Cato soltó una carcajada que detuvo de golpe cuando oyó el dejo de histeria que había en su risa. Sacudió la cabeza para tratar de desprenderse de una súbita sensación de mareo y se dispuso a seguir luchando.

Pero no hacía falta. Las filas de los Durotriges se estaban reduciendo visiblemente ante sus ojos. Ya no proferían sus gritos de guerra, ya no blandían sus armas. Simplemente se esfumaron, alejándose de los escudos Romanos hasta que quedó un espacio de unos treinta pasos entre los dos bandos, cubierto de cuerpos desparramados y armas abandonadas o rotas. Aquí y allá los heridos gemían y se retorcían lastimeramente. Los legionarios guardaron silencio, a la espera del próximo movimiento de los Britanos.

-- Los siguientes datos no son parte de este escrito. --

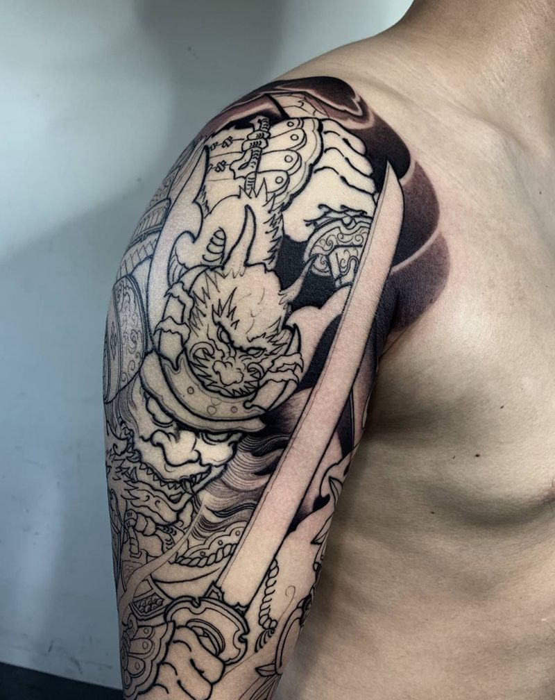 手臂武士大臂纹身图片_手臂新传统重庆义雕堂刺青纹身图案
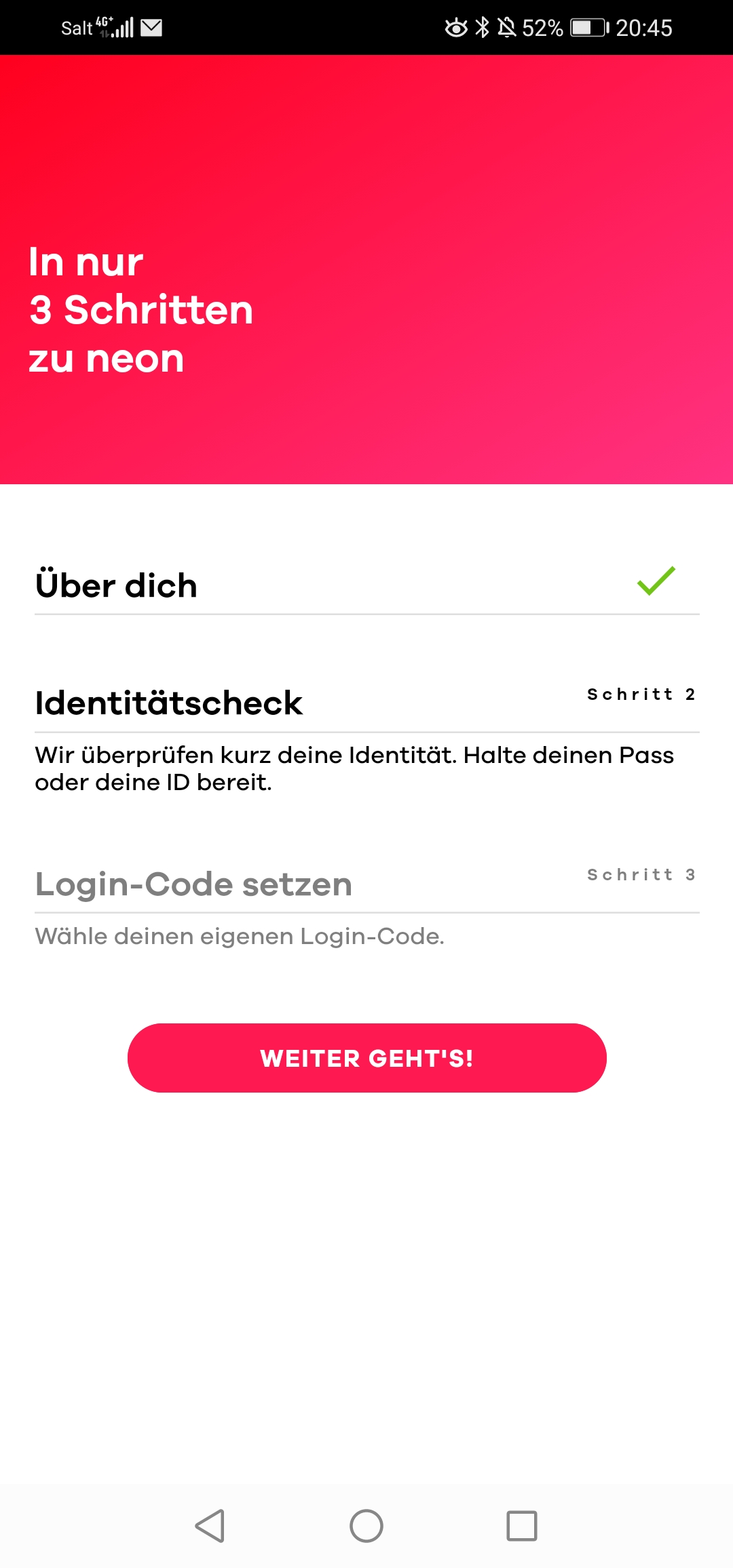 - Du hast auf dein neon Konto nur Zugriff über dein Smartphone, ein Webclient suchst du vergeblich.

– ¿Qué ocurre? -preguntó Cato con voz queda en medio de aquella mudez repentina-. ¿Qué están tramando ahora?

– No tengo ni puñetera idea -contestó Macro. Se oyó un súbito sonido de pasos apresurados y los honderos y arqueros tomaron posiciones en la línea enemiga. Entonces hubo un momento de pausa, tras el cual se gritó una orden desde detrás de las tropas Durotriges.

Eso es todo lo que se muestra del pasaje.